The process leading many Thais to a belief in God is basically the same process that leads other Thais to a belief in other spiritual beings. The point of seeing or experiencing the power is the "conversion" point or the time at which they become "convinced." The usual expression given by Thais for their "conversion" is rap cheua (receive belief, or be convinced). Viggo Brun in his study of "conversion" to belief in certain spirits (as opposed to believing merely from tradition) records the following standard answer about why a person came to believe:
Well, in the beginning I was indifferent. I wasn’t interested. I was actually rather skeptical. But then I experienced something or made a test that really impressed me, so finally I had to admit that the holy things really exist and that they are genuine, therefore I now firmly believe in holy things.6
Apart from the plurality of the "holy things," this could very easily be a Thai Christian giving testimony of how he or she came to believe in God.
Many Thai Christians believe that God will give blessings to all who come to him in prayer and believe in his power and beneficence. God is not usually explicitly compared with the spirits by the Thai Christians. The comparisons are implicit in the way in which they relate to him, the sort of expectations they have of him, and the kinds of occasions on which they turn to him for help.7
Many see God as a power similar in kind, but greater in extent and beneficence, than that of spirits.

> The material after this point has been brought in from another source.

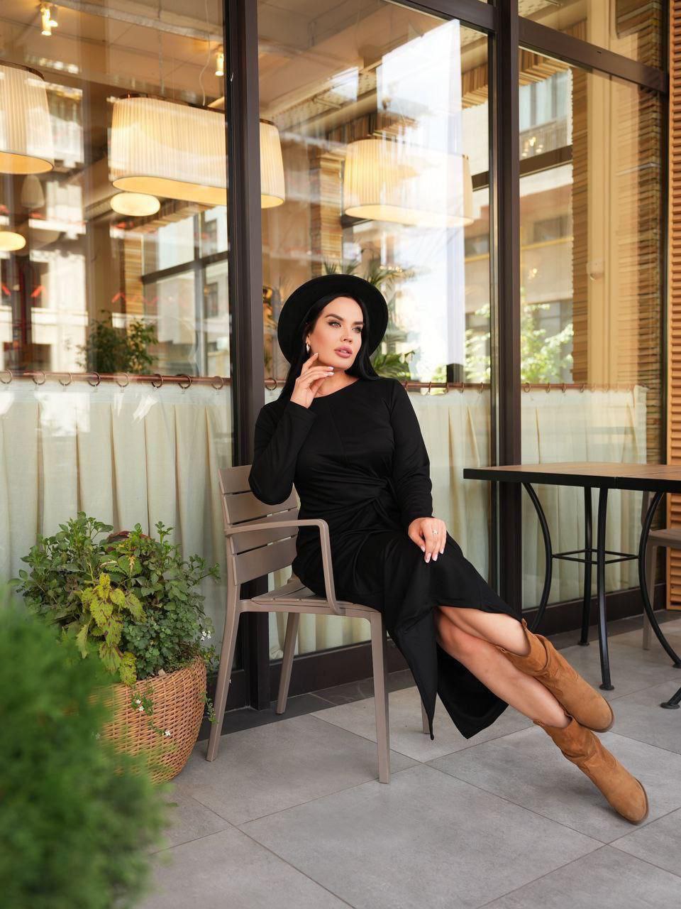 Платье выполнено из мягкого трикотажа, что обеспечивает комфорт даже в теплую погоду. Модель с длинным рукавом идеально подойдет для офисного стиля или делового мероприятия, а также будет уместна на торжестве или выпускном вечере. Такой вариант одежды легко впишется как в повседневную жизнь, так и станет ярким акцентом праздничного гардероба.

Eric Cohen comments, "The perception of Christianity in terms of power…turns Christianity into magic, more powerful than that of local magicians, but of the same character."8
If the Thai’s Christian faith, therefore, centers on power, then the distinctive fundamentals of Christian belief (in particular the cross) will remain blurred.
God is "a-moral" power. A fundamental problem arises when God is viewed in terms of the traditional Thai understanding of a spirit, even when he is understood as a greater, or even the greatest, spirit. Although Thai people have a category for malevolent spirits, their contact with benevolent spirits (e.g. for assistance) is separate from any moral considerations. Anyone who approaches the spirit in the correct way may expect to receive the favor desired. This entails correct ritual (e.g. posture) and correct offering of those things known to be pleasing to the spirit (such as gold-plated leaf, food, etc.). No consideration is given to the fact that the one making the request may be a thief or a murderer and that the favor requested may be to further enhance his or her crime. It is the transaction of power that counts. James Gustafson’s study of animism and belief in supernatural powers at Bang Chan records, "The supplicant is punished only when he overlooks the supernatural being itself, not because he has overlooked some moral precept".9 The Thai mind is thus dichotomized into Buddhist merit making, which is involved with morality and good deeds, and animist involvement with a supernatural being, with its reception of power and favors.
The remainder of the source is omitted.